→ **Task objective**: Please set down the lines of the listing exactly, from its first line to the line with "In Oxford lore, Bacon", leaving the pictures out.

→ **Data**:
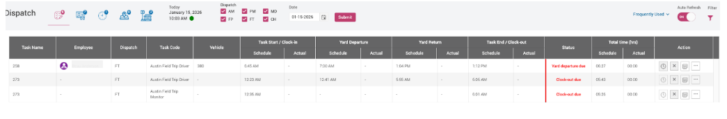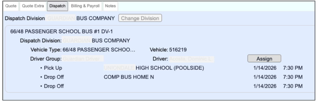 - Assign vehicles and personnel (drivers, monitors, etc.) in the Dispatch tab
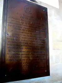 In Oxford lore, Bacon is credited as the namesake of Folly Bridge for having gotten himself placed under house arrest nearby.[148] Although this is probably untrue,[149] it had formerly been known as "Friar Bacon's Bridge".[150] Bacon is also honoured at Oxford by a plaque affixed to the wall of the new Westgate shopping centre.[148]
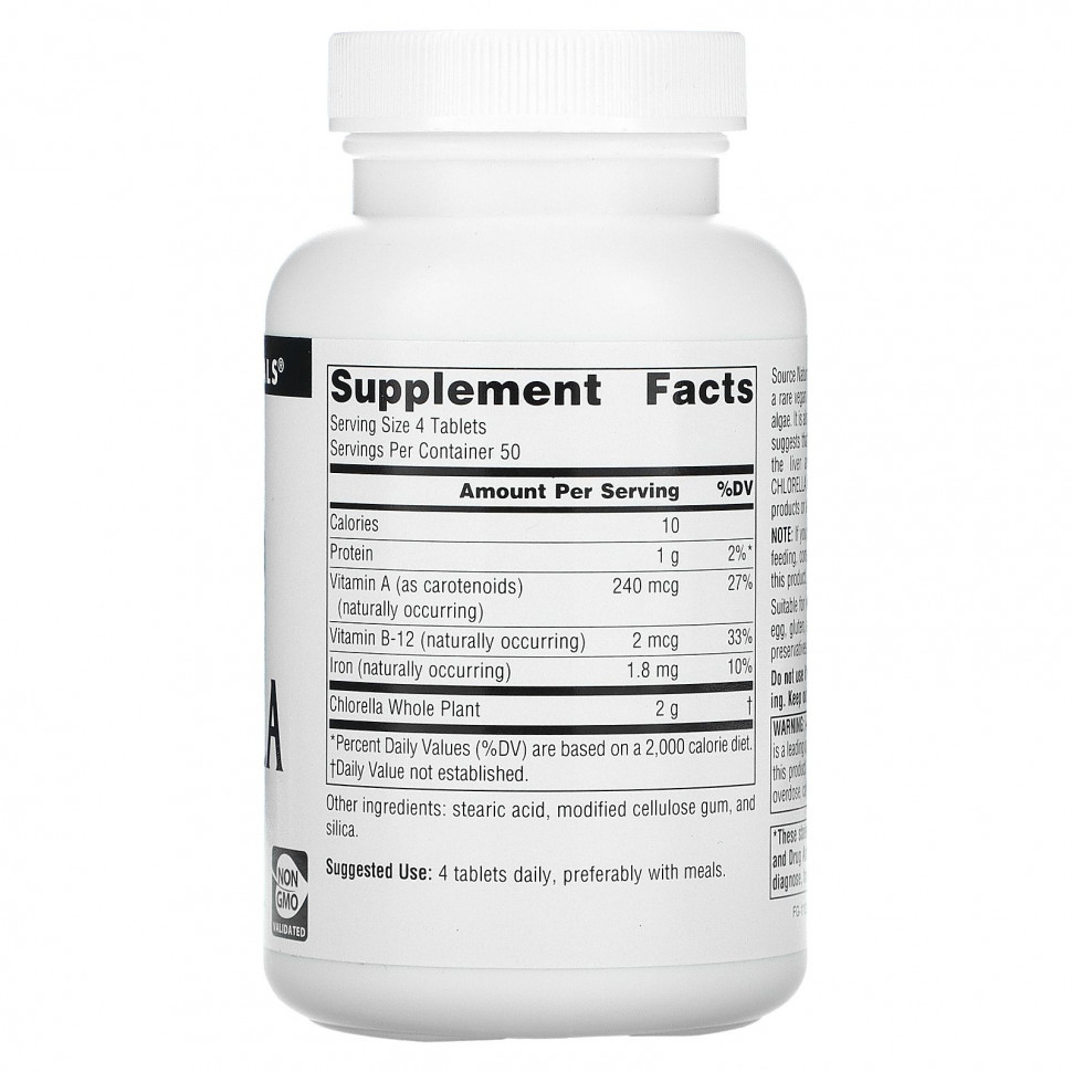 Хлорелла Source Naturals — это полноценный протеин, а также редкий веганский источник витамина B12 из чистых 100% водорослей. Это также хороший источник железа и витамина А. Исследования показывают, что хлорелла также способна поддерживать здоровье печени и иммунной системы. Хлорелла Source Naturals не содержит ГМО и не содержит продуктов животного происхождения.
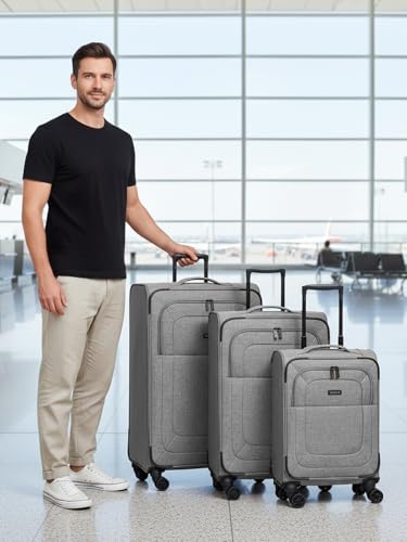 REDOLZ Koffer-Set 3-teilig für Damen & Herren | leichte & stabile Reise-Trolleys, hochwertiges Softcase, 4 Doppelrollen & TSA-Schloss |erweiterbar mit Dehnfalten (Essentials 12)

→ **Response**:
 - Assign vehicles and personnel (drivers, monitors, etc.) in the Dispatch tab
 In Oxford lore, Bacon is credited as the namesake of Folly Bridge for having gotten himself placed under house arrest nearby.[148] Although this is probably untrue,[149] it had formerly been known as "Friar Bacon's Bridge".[150] Bacon is also honoured at Oxford by a plaque affixed to the wall of the new Westgate shopping centre.[148]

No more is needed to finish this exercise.